One thing that really struck me about Aly’s writing is that she comes across as a very positive person, even though she was one of many gymnasts who was victimized by convicted sex pest, Larry Nassar. Nassar was once the official team doctor for the elite women’s gymnasts, but he recently had a tremendous fall from grace when gymnasts started accusing him of molesting them under the guise of providing care.  Raisman doesn’t provide details about what Nassar did during his “treatments”, which is certainly her prerogative.

Raisman mostly focuses her book on what it took to be an Olympic champion as well as her turn on Dancing With The Stars.  I was very impressed by Raisman’s very upbeat outlook on everything, even as she explains how difficult high level gymnastics is.  She and her very dedicated coach, Mihai Brestyan, worked together to make her the star she is.  When Raisman made the U.S. team, they worked with Martha Karolyi, who is presented in a very positive light in this book.  I have read other gymnast tells alls about the Karolyis and Martha and Bela Karolyi are often presented as extremely tough and even abusive taskmasters.  But Raisman seems to have had a good experience with them.
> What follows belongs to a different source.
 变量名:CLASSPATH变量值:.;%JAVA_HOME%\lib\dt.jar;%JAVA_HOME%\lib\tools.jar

I was surprised by Raisman’s apparently healthy relationship with food.  She worked with a nutritionist, who helped her get the most out of nutrition, but Raisman also enjoyed her pizza and the occasional candy bar.  I had heard and read so much about how the Karolyis often forced their gymnasts to work out on very little food.  I guess they aren’t as strict now… or maybe they’re only like that with their own gymnasts.  I appreciated Raisman’s candor about her important good nutrition is to powerful performances.
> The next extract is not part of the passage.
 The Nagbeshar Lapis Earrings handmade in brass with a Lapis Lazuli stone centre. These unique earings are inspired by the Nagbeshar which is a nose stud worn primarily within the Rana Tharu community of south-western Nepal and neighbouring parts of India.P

Parts of this book are somewhat negative.  For instance, Raisman writes about her decision to give up her amateur status.  She had been pressured to sign with a college so that she could compete at the collegiate level.  She did sign with the University of Florida, but then changed her mind.  Raisman wrote that the coach basically told her that they expected to see her fail on a challenging vault.  I was interested in Raisman’s comments about college, since until very recently, the University of Florida’s coach was Rhonda Faehn, who was herself an elite gymnast.  I remember watching Faehn when she made the 1988 Olympic team.  The University of Florida’s gymnastics team is now led by Coach Jenny Ester Rowland, who starred in the cheesy 1986 flop, American Anthem.  She played a twelve year old gymnast named Tracy Prescott.
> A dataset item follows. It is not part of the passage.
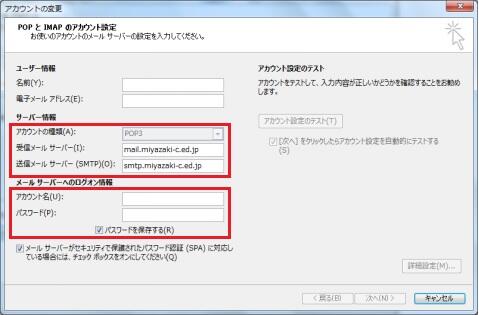 ・受信メールサーバー(POP3)・・・「mail.miyazaki-c.ed.jp」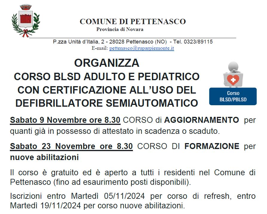 Il Comune di Pettenasco ORGANIZZA CORSO BLSD ADULTO E PEDIATRICO CON CERTIFICAZIONE ALL’USO DEL DEFIBRILLATORE SEMIAUTOMATICO

Raisman also has some negative comments about USA Gymnastics.  Apparently, they turned a blind eye to Larry Nassar’s abuses and were neglectful of the athletes.  I had actually read a lot of about some of the less savory aspects of USA Gymnastics.  Nassar was not the only person involved with that sport who was accused of molesting girls.  Former coach Don Peters was also accused of having sexually abusing gymnasts.  I had also read that the organization was very political and some athletes were treated unfairly.

Overall, I think Fierce is a very well-written book that is sure to please gymnastics fans.  Even though I am old enough to be Aly’s mother, I have tremendous admiration for her.  However, looking at pictures of her when she was a little girl make me feel older than dirt!  If you like to read life stories about athletes, I think Raisman’s book is worth the read.